[MATERIAL PROVIDED — start]

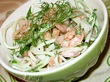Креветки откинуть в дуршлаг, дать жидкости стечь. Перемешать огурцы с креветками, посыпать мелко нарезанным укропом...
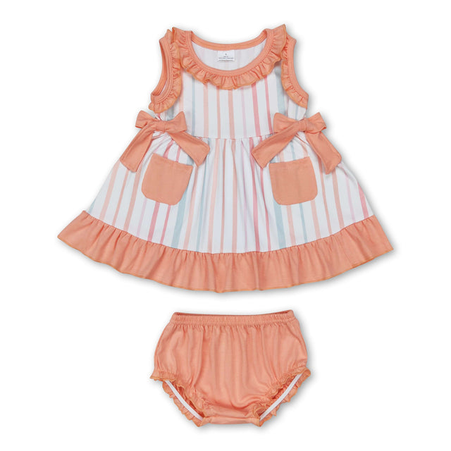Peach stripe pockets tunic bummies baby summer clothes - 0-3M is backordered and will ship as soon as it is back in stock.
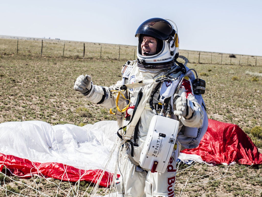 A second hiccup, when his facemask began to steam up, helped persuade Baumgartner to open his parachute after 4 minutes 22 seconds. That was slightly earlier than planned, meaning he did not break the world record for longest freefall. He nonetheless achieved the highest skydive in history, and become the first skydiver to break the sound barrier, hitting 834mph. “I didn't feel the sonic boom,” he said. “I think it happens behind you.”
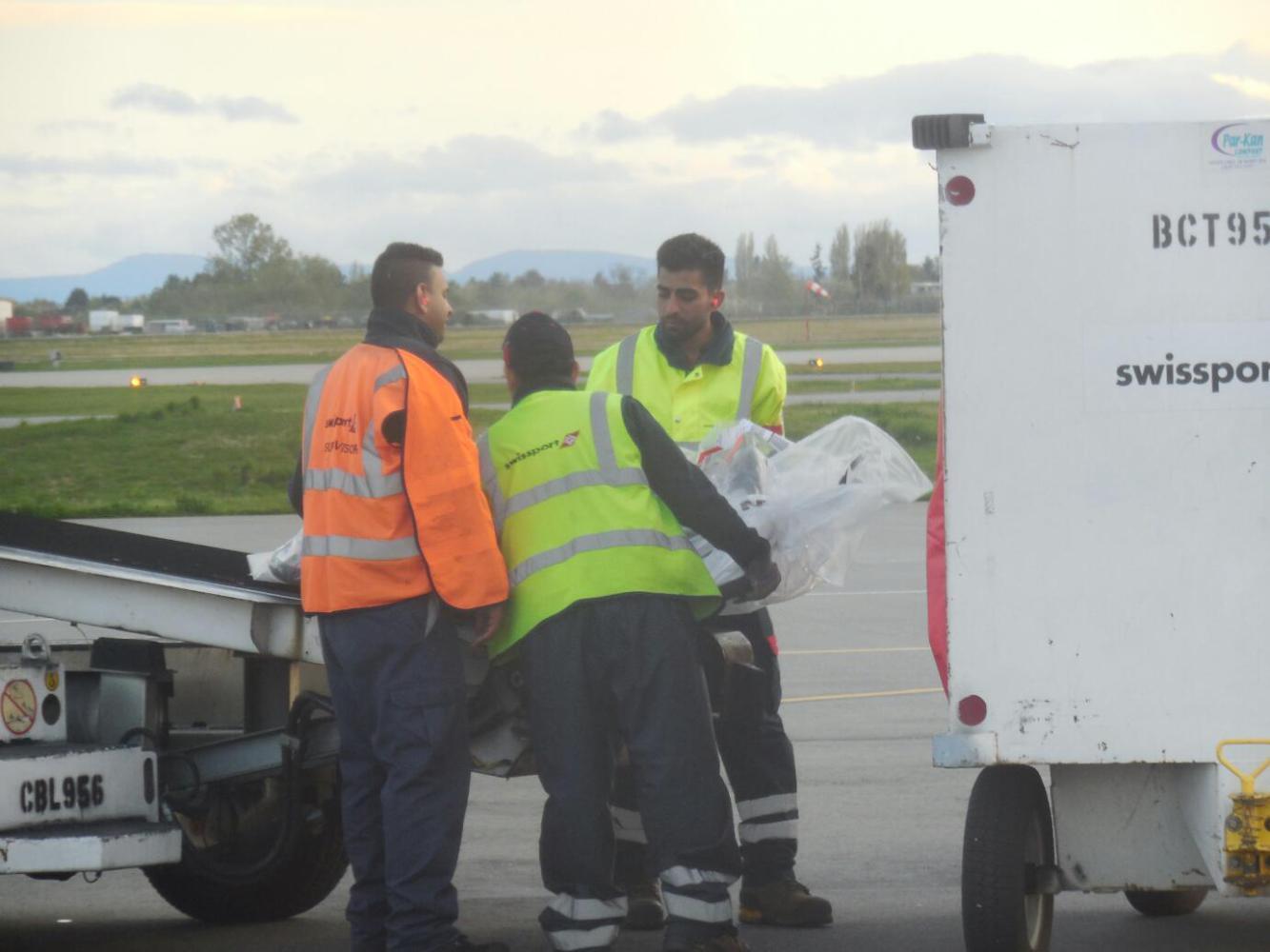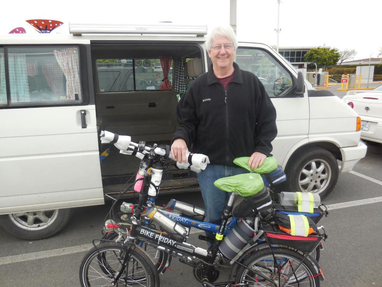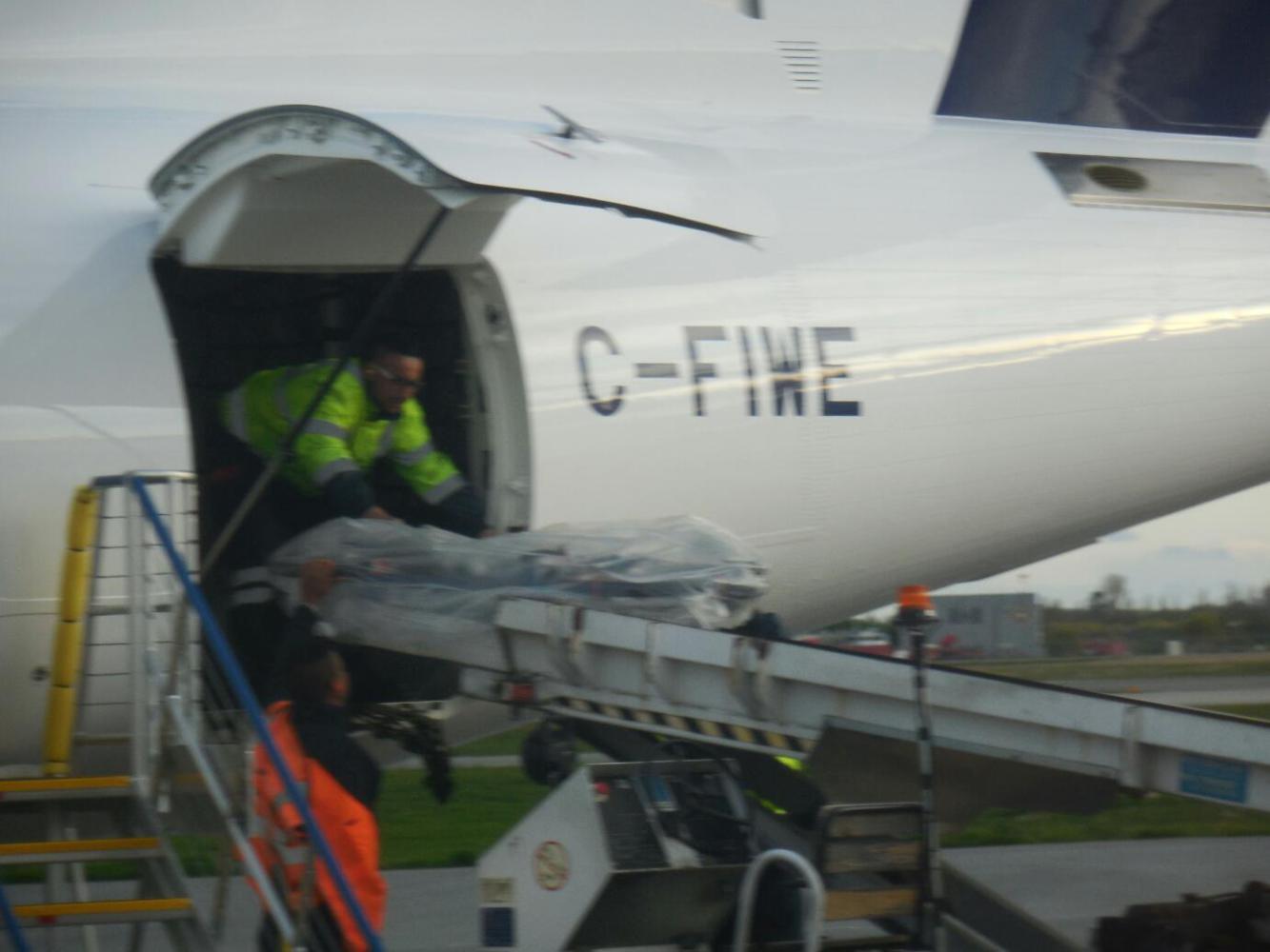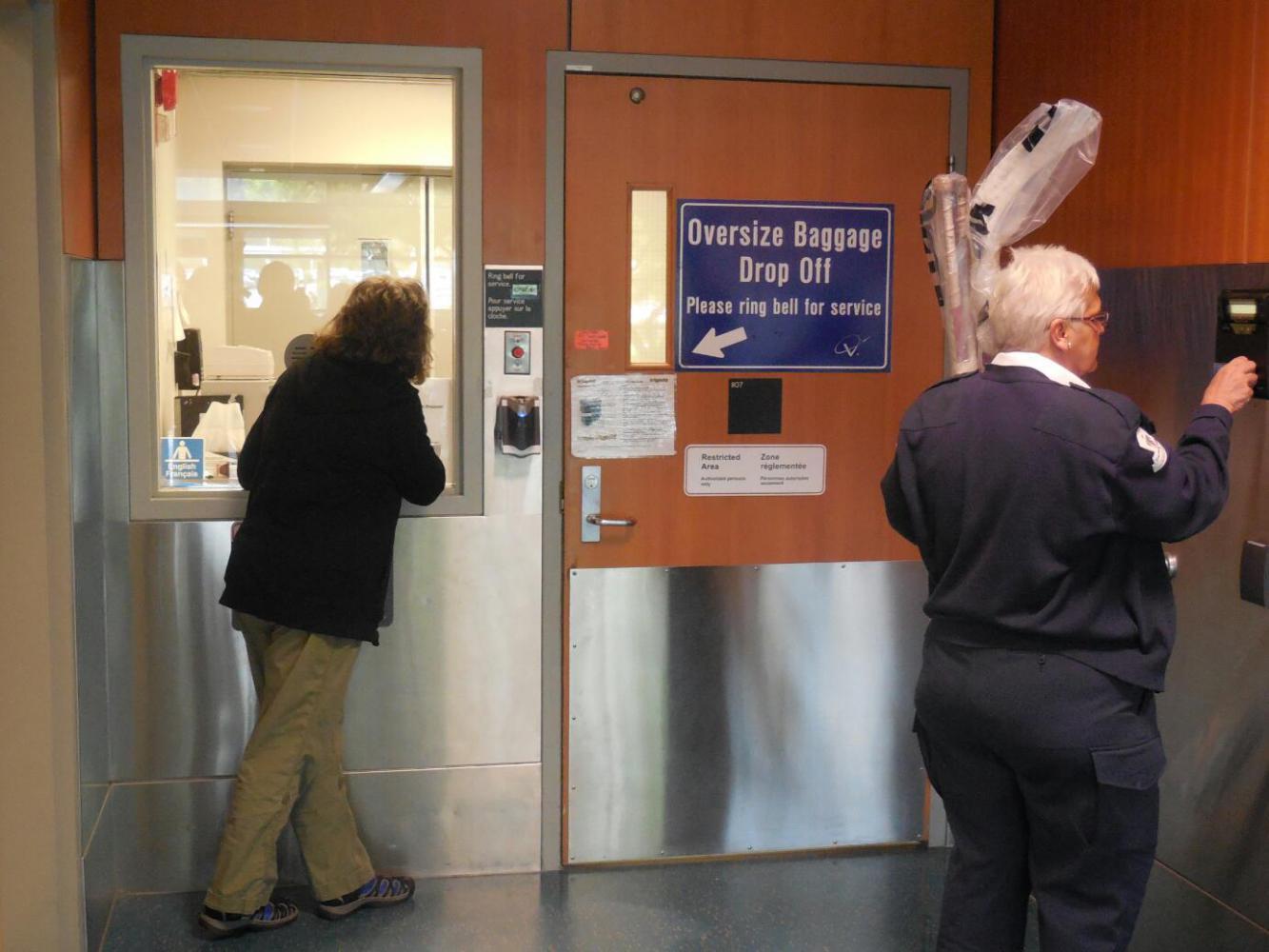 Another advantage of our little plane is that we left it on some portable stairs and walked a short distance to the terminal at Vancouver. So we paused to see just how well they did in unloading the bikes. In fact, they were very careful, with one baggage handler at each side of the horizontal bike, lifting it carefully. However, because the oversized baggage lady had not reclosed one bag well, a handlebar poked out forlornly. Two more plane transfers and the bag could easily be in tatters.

[MATERIAL PROVIDED — finish]

* _YOUR GOAL_
Pictures should not appear; only the lines from the start of the listing above to the line containing "Peach stripe pockets", both ends included, are to be repeated exactly.

* _TASK ANSWER_
Креветки откинуть в дуршлаг, дать жидкости стечь. Перемешать огурцы с креветками, посыпать мелко нарезанным укропом...
Peach stripe pockets tunic bummies baby summer clothes - 0-3M is backordered and will ship as soon as it is back in stock.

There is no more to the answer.